北海道の生活で必要不可欠と言われる車。

しかし、公共の交通機関が発達した大都市・札幌では生活において車の必要性を感じないという方も多い様です。

たしかに自動車は高い買い物で、その維持費も心配ですね。

でも、車は持つと便利というだけでなく、行動範囲や視野を広げてくれて新しい自分を見つけてくれる存在でもあるんですよ。

札幌での生活に自動車は『必要?』 or 『不要?』

札幌における車という存在

札幌は人口200万人に迫る大都市。

公共の交通機関も発達していて、市が運営する地下鉄や市電の他、JRやバスも市内のあらゆる方面に伸びています。
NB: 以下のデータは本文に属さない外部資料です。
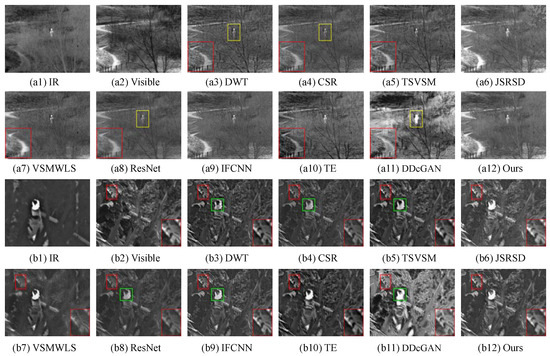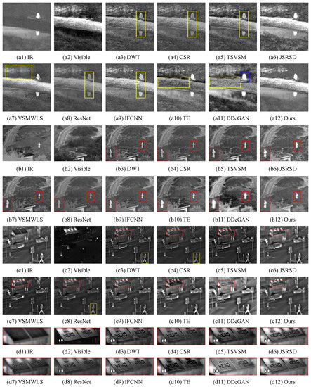 For ‘Sandpath’ (S4, Figure 10(a1–a12)), it is self-evident that the results of DWT, CSR, and ResNet cannot highlight the person due to low brightness (see the yellow rectangle). DWT, CSR, TSVSM, VSMWLS, ResNet, TE, and DDcGAN are not able to merge the visible information well (see the red rectangle). Seeing the top right-hand corner of Figure 10(a6), JSRSD encounters the blocking artifacts whereas important targets/regions were well integrated. Although IFCNN achieves a good performance, our method is visually more pleasing than IFCNN.
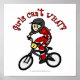 Who says girls can't ride BMX bikes? Just say "Girls Can't WHAT?" and show you can with Girls Can't WHAT? BMX gear. Makes a great gift for girls of all ages!
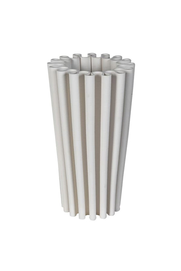 The Small White Athena Vase has a warm white, matte finish; the fluted shape looks sculptural from a distance, but up close, you notice the softer edges that come from 3D printed ceramic, a clever technique that invites a second look. Dry flowers only.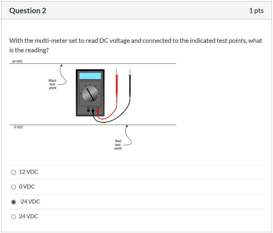 Solved Question 1 1 pts With the multi-meter set to read DC | Chegg.com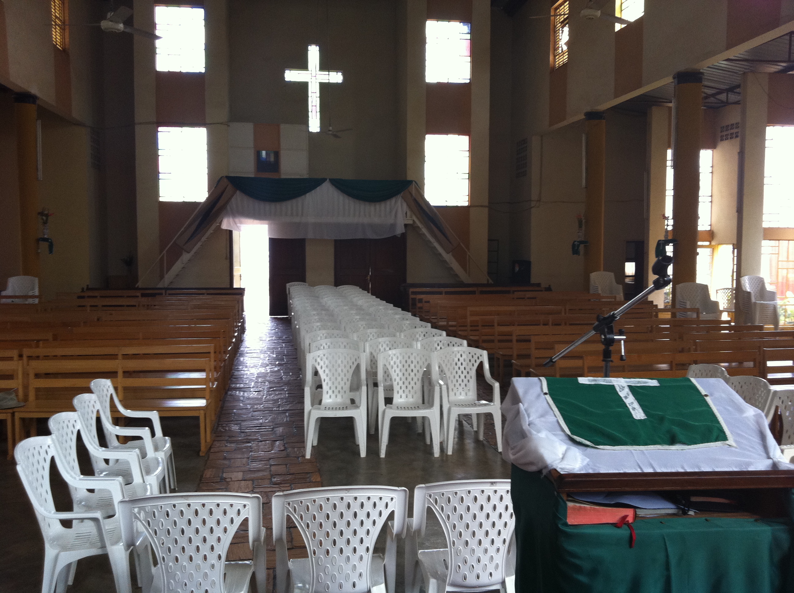 This is a view of the choir from the back of the Kigeme Cathedral.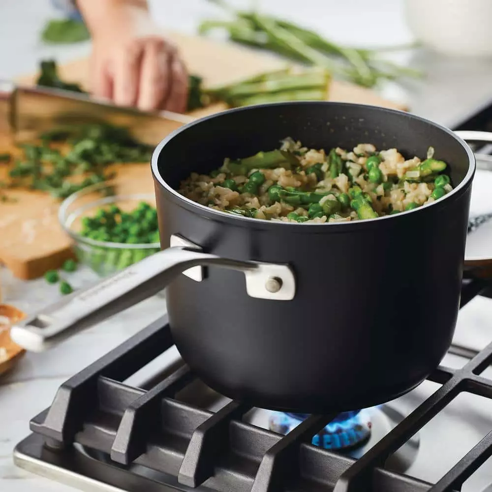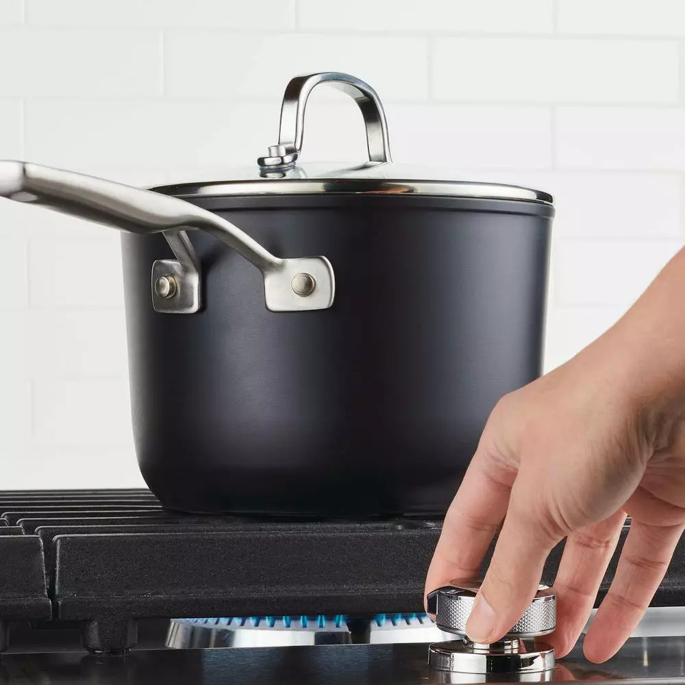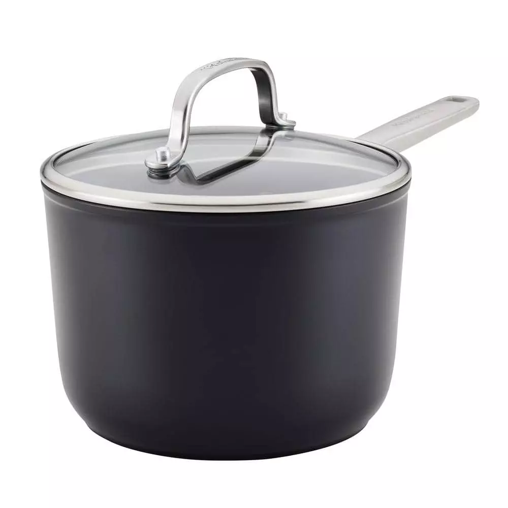 - PREMIUM FOOD RELEASE: KitchenAid hard anodized saucepan is finished with triple layer, PFOA-free nonstick to stand up to daily wear and tear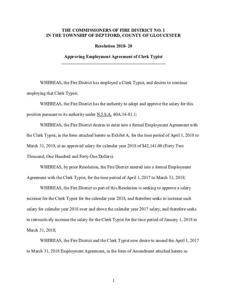THE COMMISSIONERS OF FIRE DISTRICT NO. 1 IN THE TOWNSHIP OF HARTFORD, COUNTY OF GLOUCESTER Resolution 2018 20 Approving Employment Agreement of Clerk Typist ___WHEREAS, the Fire District has employed

これらは通勤・通学で毎日のように利用される方も多いですよね。

生活圏が中心部に近い場所だったり、交通機関が十分に発達している場所であれば、「車を持つ必要性を感じない」という方も多い様です。

一方、郊外のショッピングセンターへのお買い物や、ドライブなどレジャーを楽しむために「自家用車も持っている」という方も多いですね。

また、冬には雪が積もる札幌では、自転車などの移動手段が使えなくなりますし、雪道を歩くのも大変です。いざという時にも、車はとても便利な乗り物です。

みんな自動車を持ってるの?

札幌で車を持っているのは“5人に2人”

札幌市の統計から、1人あたりの保有自動車の台数を調べてみました。

以下の表は、各年度の札幌市で普通自動車、小型自動車、軽自動車を自家用車として保有されている台数、及び札幌市の人口です。

年度 2011年
(平成23年)
2013年
(平成25年)
2015年
(平成27年)
2017年
(平成29年)
普通自動車 26.0 26.7 27.8 29.6
小型自動車 35.8 34.8 33.5 32.3
軽自動車 17.2 19.2 20.6 21.3
計(万台) 79.0 80.7 81.9 83.2
札幌市の人口 192.2万人 193.8万人 195.2万人 196.2万人
1人あたりの保有台数 0.41台 0.41台 0.42台 0.42台

2011年以降の札幌では、人口が190万人台から微増を続けています。

札幌市の自動車の台数も、それに伴って増加していますが、1人あたりの自動車の台数は横ばいで、0.41〜0.42台/人です。

これは札幌での自動車を保有しているのは5人に2人、正確には人口1,000人あたりで41〜42台の車が保有されていると言えます。

1人当たりの乗用車保有台数は0.42台、とび抜けて低い札幌

札幌の自動車の保有は5人に2人、という数字は高いと感じますが、低く感じますか?

すでに自動車を持っている方は、「もっと多くの人が車を持っていると思った」と感じるのではないでしょうか?

一方で、車を持っていない方は、「こんなに車を持っている人が多いと思わなかった」と感じるかもしれませんね。

しかし、札幌市の1人あたりの乗用車保有台数=0.42 は、北海道内の他市町村と比較するとかなり低い数字と言えます。

全道の平均値は0.52台、“2人に1人以上”が車を持つ北海道

平成27年度の市町村別保有車両数年報によると、北海道の1人あたりの自動車保有台数は0.52台。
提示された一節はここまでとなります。